When you run a query, TeamLoop executes the following stages:

  1. Vector search — finds semantically similar entities using embedding cosine similarity
  2. BM25 full-text search — finds entities containing matching keywords
  3. Reciprocal Rank Fusion — merges the two result sets into a unified ranking
  4. Cross-encoder reranking — rescores the top candidates for precision refinement
  5. Score normalization — normalizes final scores to a 0-1 range

Both search pipelines run in parallel, so hybrid retrieval adds minimal latency compared to vector-only search.

Vector search embeds your query using the same model that embedded your entities, then retrieves the top 50 candidates by cosine similarity from pgvector.

This means a query for “auth token refactor” will match entities about “JWT migration” or “session management overhaul” even when they share no keywords — the embedding model understands semantic equivalence.

Embedding models by deployment:

DeploymentModelDimensions
SaaSVoyage AI (voyage-3)1024
AWS MarketplaceAmazon Titan V2 (default)1024

The embedding model is locked per-organization after the first embedding is created. Both models use 1024 dimensions for schema compatibility. Titan embeddings are generated with bounded parallelism (up to 5 concurrent requests per batch) for high throughput.

Full-text search uses PostgreSQL’s built-in tsvector indexing with ts_rank_cd scoring. It tokenizes your query and matches against pre-indexed entity text, ranking results by term frequency and document coverage.

This catches cases where exact terms matter — searching for “PROJ-1234” or “CockroachDB” will surface entities containing those literal strings, even if the embedding model doesn’t place them close in vector space.

Full-text search retrieves up to 50 candidates, ranked by BM25 relevance.

After both pipelines return their candidates, TeamLoop merges them using Reciprocal Rank Fusion with k=60. For each entity, the RRF score is:

score = sum(1 / (k + rank)) across all lists where the entity appears

An entity that appears in both vector and text results receives contributions from both, boosting it above entities that only appear in one.

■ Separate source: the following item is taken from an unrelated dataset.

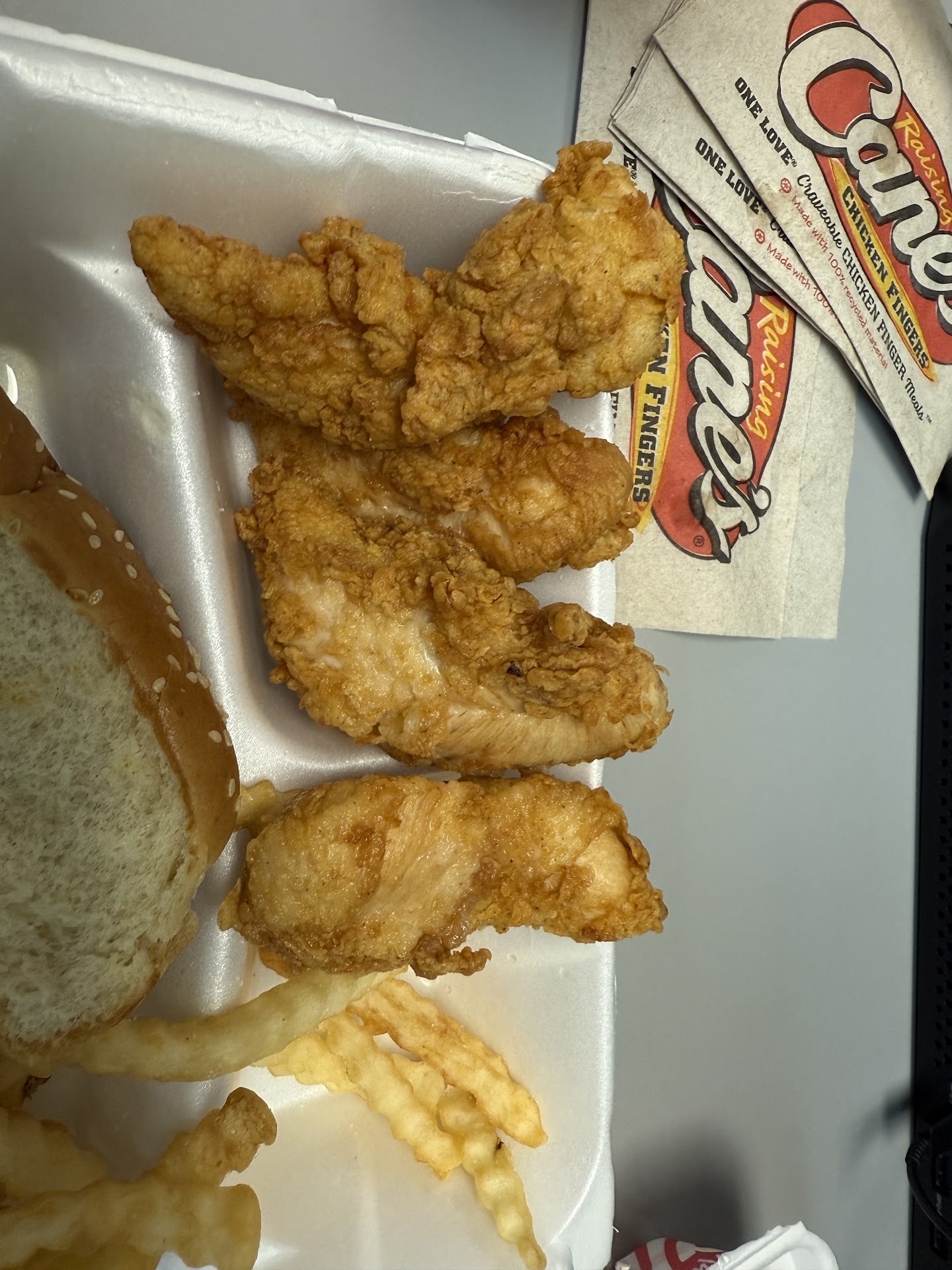 Read moreThis was my first visit and I must admit I was pleasantly surprised. The menu is simple and easy to understand your options. I modified my order which they had no problems complying with. I asked for extra crispy fries and buttered/toasted buns. The chicken tenders inside the burger were crispy on the outside and moist on the inside. The one down side was that the cashier taking my order was also attending the drive thru consumers, so it was difficult to know when she was addressing me or the drive thru. But other than that everything else was great and definitely recommend you stop by and give Raising Cane's Chicken...

The constant k=60 prevents top-ranked results from dominating — a well-established default from information retrieval research.

After fusion, results are sorted by descending RRF score. The top 20 candidates are forwarded to the reranking stage.

The reranker is a cross-encoder model that scores each (query, document) pair independently. Unlike the embedding model (which encodes query and document separately), the cross-encoder sees both together and can make fine-grained relevance judgments.

TeamLoop sends the top 20 RRF candidates to the reranker and keeps the top 5 results.

Reranking models by deployment:

DeploymentProviderModel
SaaSVoyage AIrerank-2
AWS MarketplaceCohere via Bedrockrerank-v3.5

Reranking runs with a 300ms timeout. If the reranker is unavailable, returns an error, or exceeds the timeout, TeamLoop logs a warning and returns results in their original RRF-fused order. This means reranking improves precision when available but never blocks a query from returning results.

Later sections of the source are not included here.